2: In kmc.solve(x, d, g = list(ff)) :
The results may be not feasible!

3: In kmc.solve(x, d, g = list(ff)) :
The results may be not feasible!

4: In kmc.solve(x, d, g = list(ff)) :
The results may be not feasible!

5: In kmc.solve(x, d, g = list(ff)) :
The results may be not feasible!

6: In kmc.solve(x, d, g = list(ff)) :
The results may be not feasible!

7: In kmc.solve(x, d, g = list(ff)) :
The results may be not feasible!

[yfyang86]

After revision, in this case, lambda should meet the following requirements:

1. sum(prob) = 1

therefore, for the rootSolve(.) function. we need to check the root that:

1. in the branch that contains 0
2. satisfies sum(RMSTfun(time) * prob) == 1

An older version checks this, but the newer one fails.

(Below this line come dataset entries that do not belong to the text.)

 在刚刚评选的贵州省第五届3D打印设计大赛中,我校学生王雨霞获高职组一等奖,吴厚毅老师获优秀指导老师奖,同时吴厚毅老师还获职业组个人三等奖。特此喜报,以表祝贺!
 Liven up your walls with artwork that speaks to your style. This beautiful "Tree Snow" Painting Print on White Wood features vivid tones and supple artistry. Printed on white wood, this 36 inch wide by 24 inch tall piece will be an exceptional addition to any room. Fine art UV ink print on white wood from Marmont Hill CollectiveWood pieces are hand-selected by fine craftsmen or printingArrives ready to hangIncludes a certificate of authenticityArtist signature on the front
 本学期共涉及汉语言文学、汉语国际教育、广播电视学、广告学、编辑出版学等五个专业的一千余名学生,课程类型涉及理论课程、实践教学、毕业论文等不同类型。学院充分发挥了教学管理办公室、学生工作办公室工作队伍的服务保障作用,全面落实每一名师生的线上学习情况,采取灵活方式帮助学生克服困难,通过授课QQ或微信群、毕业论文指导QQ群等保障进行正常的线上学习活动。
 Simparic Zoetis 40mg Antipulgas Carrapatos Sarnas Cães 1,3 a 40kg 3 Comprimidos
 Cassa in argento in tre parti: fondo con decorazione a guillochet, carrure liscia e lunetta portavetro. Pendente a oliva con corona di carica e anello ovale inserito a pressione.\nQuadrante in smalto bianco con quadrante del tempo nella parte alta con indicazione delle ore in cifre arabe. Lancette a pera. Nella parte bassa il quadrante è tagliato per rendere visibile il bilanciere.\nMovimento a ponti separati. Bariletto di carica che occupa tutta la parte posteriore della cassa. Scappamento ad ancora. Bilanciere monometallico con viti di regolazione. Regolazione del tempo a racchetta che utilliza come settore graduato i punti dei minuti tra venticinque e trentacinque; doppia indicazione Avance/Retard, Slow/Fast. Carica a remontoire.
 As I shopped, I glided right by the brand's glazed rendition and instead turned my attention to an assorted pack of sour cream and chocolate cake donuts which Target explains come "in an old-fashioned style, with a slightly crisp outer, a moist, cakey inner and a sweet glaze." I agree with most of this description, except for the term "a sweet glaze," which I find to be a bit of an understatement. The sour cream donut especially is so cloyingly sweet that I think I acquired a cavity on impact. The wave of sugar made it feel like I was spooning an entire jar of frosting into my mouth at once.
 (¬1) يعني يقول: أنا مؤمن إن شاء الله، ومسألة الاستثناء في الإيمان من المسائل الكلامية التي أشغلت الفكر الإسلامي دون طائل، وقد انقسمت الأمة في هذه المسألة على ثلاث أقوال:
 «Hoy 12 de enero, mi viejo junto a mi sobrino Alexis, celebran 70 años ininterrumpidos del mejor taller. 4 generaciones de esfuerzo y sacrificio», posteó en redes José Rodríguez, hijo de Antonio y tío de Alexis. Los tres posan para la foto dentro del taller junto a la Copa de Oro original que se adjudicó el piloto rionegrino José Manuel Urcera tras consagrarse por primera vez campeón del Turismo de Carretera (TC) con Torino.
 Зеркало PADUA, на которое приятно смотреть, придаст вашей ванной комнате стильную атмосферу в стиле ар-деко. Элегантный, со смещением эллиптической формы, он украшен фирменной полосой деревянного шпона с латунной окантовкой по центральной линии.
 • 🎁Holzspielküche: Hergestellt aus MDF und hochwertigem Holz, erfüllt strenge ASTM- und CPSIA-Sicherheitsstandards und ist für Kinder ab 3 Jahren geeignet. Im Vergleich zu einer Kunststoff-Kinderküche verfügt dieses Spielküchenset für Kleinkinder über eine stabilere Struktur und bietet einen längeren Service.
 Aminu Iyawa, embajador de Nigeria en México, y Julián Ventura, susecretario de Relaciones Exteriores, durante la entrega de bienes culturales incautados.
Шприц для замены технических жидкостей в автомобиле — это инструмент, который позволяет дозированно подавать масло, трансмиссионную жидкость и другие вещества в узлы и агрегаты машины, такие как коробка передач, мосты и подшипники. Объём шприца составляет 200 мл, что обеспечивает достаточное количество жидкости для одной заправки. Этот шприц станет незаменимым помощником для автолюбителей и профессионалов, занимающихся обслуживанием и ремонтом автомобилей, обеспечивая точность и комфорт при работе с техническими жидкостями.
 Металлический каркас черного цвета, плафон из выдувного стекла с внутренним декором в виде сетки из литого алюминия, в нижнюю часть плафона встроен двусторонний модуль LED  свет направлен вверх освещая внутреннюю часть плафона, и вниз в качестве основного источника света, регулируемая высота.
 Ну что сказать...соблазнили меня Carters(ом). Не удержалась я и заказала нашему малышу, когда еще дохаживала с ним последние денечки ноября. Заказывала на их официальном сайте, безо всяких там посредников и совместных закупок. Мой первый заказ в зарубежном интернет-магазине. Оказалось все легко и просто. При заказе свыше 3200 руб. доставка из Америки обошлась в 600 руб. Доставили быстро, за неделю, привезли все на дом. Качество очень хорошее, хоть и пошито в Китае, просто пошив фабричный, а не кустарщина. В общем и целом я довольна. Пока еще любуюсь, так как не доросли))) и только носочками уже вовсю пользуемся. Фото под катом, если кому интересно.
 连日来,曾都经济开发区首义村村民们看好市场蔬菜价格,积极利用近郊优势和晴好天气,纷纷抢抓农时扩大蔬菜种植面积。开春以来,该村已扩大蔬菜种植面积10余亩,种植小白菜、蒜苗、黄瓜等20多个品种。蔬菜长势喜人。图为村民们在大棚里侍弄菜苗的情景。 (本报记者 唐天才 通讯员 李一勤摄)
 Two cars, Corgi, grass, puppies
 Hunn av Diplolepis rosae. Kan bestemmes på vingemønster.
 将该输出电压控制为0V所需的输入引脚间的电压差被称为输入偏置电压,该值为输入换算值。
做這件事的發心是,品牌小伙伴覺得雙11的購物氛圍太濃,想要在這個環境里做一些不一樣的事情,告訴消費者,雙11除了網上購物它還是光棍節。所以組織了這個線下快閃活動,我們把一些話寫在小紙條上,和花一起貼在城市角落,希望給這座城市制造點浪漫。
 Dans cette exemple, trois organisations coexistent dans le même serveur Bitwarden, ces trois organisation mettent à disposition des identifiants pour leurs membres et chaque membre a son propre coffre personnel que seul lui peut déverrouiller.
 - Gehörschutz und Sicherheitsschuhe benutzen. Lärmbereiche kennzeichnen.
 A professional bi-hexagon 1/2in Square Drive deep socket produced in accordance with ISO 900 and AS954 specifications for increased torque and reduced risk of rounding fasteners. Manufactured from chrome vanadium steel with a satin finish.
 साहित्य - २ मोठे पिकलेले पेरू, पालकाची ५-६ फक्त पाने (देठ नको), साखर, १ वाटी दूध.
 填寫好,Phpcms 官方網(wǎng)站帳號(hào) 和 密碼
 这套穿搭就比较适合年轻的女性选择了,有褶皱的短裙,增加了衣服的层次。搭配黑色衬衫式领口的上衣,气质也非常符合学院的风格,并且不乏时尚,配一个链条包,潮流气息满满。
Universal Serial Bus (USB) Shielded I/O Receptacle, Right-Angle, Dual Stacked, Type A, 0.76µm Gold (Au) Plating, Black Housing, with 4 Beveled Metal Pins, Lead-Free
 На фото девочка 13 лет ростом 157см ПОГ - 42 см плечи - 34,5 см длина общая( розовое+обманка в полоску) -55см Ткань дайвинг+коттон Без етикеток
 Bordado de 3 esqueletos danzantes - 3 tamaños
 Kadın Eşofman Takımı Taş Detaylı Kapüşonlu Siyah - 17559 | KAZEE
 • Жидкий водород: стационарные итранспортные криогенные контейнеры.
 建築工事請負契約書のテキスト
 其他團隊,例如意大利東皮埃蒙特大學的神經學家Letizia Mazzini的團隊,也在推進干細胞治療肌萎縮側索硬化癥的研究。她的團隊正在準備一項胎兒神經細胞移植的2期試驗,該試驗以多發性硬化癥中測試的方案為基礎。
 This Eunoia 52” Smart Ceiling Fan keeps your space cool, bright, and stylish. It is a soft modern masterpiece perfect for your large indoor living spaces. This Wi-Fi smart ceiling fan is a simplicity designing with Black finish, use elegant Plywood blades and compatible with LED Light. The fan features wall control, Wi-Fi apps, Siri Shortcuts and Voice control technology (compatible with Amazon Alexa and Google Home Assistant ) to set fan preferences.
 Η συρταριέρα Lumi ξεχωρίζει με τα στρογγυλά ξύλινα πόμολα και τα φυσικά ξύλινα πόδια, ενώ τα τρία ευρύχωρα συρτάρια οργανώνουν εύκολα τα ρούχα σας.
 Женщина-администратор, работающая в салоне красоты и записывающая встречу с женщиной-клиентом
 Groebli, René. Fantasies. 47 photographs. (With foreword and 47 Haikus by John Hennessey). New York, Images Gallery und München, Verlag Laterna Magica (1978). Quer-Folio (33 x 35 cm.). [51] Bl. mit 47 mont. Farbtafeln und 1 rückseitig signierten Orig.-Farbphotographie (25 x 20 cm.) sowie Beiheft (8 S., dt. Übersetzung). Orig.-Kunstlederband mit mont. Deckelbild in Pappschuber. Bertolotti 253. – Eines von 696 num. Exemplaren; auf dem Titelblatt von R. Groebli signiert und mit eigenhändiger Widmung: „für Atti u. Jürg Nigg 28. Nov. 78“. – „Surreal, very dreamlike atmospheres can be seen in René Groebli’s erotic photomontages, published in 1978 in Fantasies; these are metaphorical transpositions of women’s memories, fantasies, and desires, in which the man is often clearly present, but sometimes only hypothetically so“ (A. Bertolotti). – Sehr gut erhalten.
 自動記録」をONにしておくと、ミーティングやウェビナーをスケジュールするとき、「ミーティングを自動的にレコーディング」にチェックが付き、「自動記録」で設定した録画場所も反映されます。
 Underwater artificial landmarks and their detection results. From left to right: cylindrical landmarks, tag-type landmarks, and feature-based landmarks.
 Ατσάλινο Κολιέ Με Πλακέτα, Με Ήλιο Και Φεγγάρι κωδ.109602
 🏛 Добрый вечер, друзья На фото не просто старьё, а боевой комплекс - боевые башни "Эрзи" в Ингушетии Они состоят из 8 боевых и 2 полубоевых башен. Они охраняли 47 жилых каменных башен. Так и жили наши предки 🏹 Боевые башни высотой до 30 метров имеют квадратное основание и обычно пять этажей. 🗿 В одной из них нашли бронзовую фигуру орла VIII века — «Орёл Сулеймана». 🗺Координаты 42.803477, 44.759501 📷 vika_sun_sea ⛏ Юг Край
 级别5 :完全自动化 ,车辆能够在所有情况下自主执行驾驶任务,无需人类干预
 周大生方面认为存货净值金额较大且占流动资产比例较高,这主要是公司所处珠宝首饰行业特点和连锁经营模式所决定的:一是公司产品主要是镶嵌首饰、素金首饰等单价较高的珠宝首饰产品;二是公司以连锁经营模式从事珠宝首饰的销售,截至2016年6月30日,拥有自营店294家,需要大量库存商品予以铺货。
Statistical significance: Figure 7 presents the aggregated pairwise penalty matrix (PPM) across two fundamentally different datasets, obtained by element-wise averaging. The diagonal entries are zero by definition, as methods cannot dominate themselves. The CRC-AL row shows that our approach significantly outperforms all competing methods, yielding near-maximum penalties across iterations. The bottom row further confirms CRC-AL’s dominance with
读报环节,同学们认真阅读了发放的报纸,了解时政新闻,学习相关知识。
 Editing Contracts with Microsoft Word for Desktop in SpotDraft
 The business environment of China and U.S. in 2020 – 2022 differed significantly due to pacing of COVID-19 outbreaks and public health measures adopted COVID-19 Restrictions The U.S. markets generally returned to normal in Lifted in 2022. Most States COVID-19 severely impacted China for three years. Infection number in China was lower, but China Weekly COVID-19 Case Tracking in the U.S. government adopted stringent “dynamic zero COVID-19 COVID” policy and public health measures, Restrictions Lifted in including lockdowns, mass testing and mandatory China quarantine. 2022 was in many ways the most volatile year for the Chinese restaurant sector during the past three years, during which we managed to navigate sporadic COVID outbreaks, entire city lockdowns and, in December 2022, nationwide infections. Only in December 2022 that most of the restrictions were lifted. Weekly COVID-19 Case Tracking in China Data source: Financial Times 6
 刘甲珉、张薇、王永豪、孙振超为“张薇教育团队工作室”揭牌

The next version will fix this.

library(KMsurv)
library(emplik)
library(kmc)
library(rootSolve)
data(kidney)
kmc.clean <- function(kmc.time,delta){
  n <- length(kmc.time)
  dataOrder <- order(kmc.time, -delta)
  kmc.time <- kmc.time[dataOrder]
  delta <- delta[dataOrder] 
  FirstUnCenLocation<-which(delta==1)[1];
  if (FirstUnCenLocation==n) {stop('Only one uncensored point.');}
  if (FirstUnCenLocation!=1){
    delta=delta[FirstUnCenLocation:n];
    kmc.time=kmc.time[FirstUnCenLocation:n];
  }
  delta[length(kmc.time)]=1;
  return (list(kmc.time=kmc.time,delta=delta));
}

RMSTfun <- function(x) {pmin(x,20) - 15}

x = kidney$time
d = kidney$delta
inputData = kmc.clean(x, d)
Gmat = RMSTfun(inputData$kmc.time)

##  `kmc_native` is the KMC Solver (1-dim) which returns `prob`
fun.C <- Vectorize(
  function(lam){
    return(sum(Gmat*kmc_native(inputData$delta, lam*Gmat)));
  }
)

All = uniroot.all(fun.C, c(-3, 2), tol = 1e-8)
s = el.cen.EM2( x  = kidney$time, d = kidney$delta, fun = RMSTfun, mu = 0, maxit = 50)

curve(fun.C(x), -3, 5,main = "uniroot.all", ylim=c(-10,10))
points(All, y = rep(0, length(All)), pch = 16, cex = 2, col='steelblue')
points(-s$lam, y = 0, pch = 16, cex = 2, col='red')

[yfyang86]

@yfyang86 26abbb3

Fixed